SIR JAMES DYSON
Sir James Dyson, CBE is a British industrial designer. He is best known as the inventor of the Dual Cyclone bagless vacuum cleaner, which works on the principle of cyclonic separation. His other inventions include the Ballbarrow.
Dyson studied furniture design and interior design at the Royal College of Art (1966-1970) before moving into engineering. His net worth is said to be just over a £1 billion . In 1997 he wrote Against The Odds: An Autobiography co-authored by Giles Coren. ISBN 0-75280-981-4
EARLY BALL BASED INVENTIONS
The Sea Truck, Dyson's first product, was launched in 1970 whilst he was in the Royal College of Art. Sales of the Sea Truck amount to $500 million. The Ballbarrow, a modified version of a wheelbarrow however using a ball to replace the wheel, was launched. Dyson remained with the idea of a ball and also invented the Trolleyball which was a trolley that launched boats. He then designed the Wheelboat which could travel at speeds of 64km/h on both land and water.
Dyson originally had the idea of using cyclonic separation to create a vacuum cleaner that wouldn't lose suction as it picked up dirt in the late 1970s. He also thought of a vacuum cleaner that could do this after he found the spray-finishing room's air filter for the Ballbarrow was regularly becoming clogged with particles. He made 5172 prototypes before launching the 'G-Force' cleaner in 1983, launching it through catalogue sales in Japan, in bright pink, with a selling price of £2000 (British Equivalent). He finally obtained his first U.S. patent on the idea in 1986 (U.S. Patent 4,593,429). Let's face it, James has a thing for canny airflow devices.
After failing to sell his invention to the major manufacturers, Dyson set up his own manufacturing company, which now outsells many of the companies that rejected his idea, becoming one of the most popular brands in the United Kingdom. In early 2005 it was reported that Dyson cleaners had become the market leaders in the United States by value (though not by number of units sold).
Dyson's breakthrough in the UK market, more than 10 years after the initial idea, was through a TV advertising campaign that emphasized that, unlike its rivals, it did not require the continuing purchase of replacement bags. At that time, the UK market for disposable cleaner bags was £100m. The slogan of 'say goodbye to the bag' proved more attractive to the buying public than a previous emphasis on the suction efficiency that its technology delivers. Ironically, the previous step change in domestic vacuum cleaner design had been the introduction of the disposable bag - users being prepared to pay extra for the convenience of dustless emptying.

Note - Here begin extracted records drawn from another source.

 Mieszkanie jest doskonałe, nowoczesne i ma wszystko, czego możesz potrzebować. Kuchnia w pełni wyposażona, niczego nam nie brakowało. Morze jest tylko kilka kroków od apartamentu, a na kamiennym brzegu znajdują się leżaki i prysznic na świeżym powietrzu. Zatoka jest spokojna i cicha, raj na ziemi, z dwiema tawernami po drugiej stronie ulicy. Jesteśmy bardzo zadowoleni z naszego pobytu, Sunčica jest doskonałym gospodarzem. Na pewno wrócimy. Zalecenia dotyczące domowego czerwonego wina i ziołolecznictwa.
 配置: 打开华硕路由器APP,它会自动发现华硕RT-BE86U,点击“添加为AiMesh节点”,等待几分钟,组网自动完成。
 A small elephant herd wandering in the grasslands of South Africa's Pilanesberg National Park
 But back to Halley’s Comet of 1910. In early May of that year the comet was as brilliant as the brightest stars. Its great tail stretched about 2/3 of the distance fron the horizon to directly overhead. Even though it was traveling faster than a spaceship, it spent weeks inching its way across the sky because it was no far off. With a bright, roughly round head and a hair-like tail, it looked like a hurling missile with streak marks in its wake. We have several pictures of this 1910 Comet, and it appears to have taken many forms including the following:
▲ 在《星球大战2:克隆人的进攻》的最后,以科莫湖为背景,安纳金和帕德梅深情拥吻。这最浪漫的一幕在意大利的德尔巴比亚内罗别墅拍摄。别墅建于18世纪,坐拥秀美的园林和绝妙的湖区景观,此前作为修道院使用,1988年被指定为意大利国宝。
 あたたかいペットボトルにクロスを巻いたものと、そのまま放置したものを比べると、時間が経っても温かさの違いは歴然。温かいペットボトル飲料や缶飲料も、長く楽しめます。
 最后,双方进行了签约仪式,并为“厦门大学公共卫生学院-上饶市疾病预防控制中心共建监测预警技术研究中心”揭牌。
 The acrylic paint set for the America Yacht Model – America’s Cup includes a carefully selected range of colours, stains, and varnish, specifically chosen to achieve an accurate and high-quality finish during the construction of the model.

Following his success the other major manufacturers began to market their own bagless vacuum cleaners. Dyson sued Hoover UK for patent infringement and won (around $5 million in damages). Dyson dedicated two decades of his life to improving and marketing vacuum cleaners. Recently, his manufacturing plant moved from Malmesbury in the UK to Malaysia, partly for economic reasons and partly because of difficulty acquiring land for expansion. Eight hundred people lost their jobs. The company's headquarters and research facilities remain in Malmesbury.
Dyson later stated that due to the cost savings from transferring production to Malaysia he was able to invest in R&D at Malmesbury. Dyson currently employs more people in the UK than he did before the transfer of manufacturing to Malaysia.
In 2005 Dyson added the wheel ball from his Ballbarrow into a vacuum cleaner.
Dyson is outspoken on the subjects of design, engineering and innovation, although his success is arguably due equally to astute marketing and manufacturing than to any of those.
a) Dyson patent filing, b) Tokyo Shibauru patent filing 1981
Tokyo Shibaura Electric,
Japan, developed a nearly identical idea of a bladeless desktop fan in
1981, though it is was never manufactured.
The lack of blades also means the Air Multiplier doesn't need to be cleaned or dusted externally, but may coke up internally. We also like that it has a 'dimmer' type switch instead of the usual slow, medium, and fast settings on conventional fans. This means you can set the intensity of the airflow to exactly what you need.
In 2002 Dyson envisioned a realisation of the illusions depicted in the lithographs of Dutch artist M.C. Escher. Engineer Derek Phillips was able to accomplish the task after a year of work, creating a water sculpture in which the water appears to flow up to the tops of four ramps arranged in a square, before cascading to the bottom of the next ramp. The creation titled Wrong Garden, was displayed at the Chelsea Flower Show in the spring of 2003. The illusion is accomplished with water containing air bubbles pumped through a chamber underneath the transparent glass ramps to a slit at the top from which the bulk of the water cascades down. This makes it appear that the water is flowing up, when actually a small amount of water diverted from the slit at the top flows back down the ramps in a thin layer.
Quotes: "I just want things to work properly."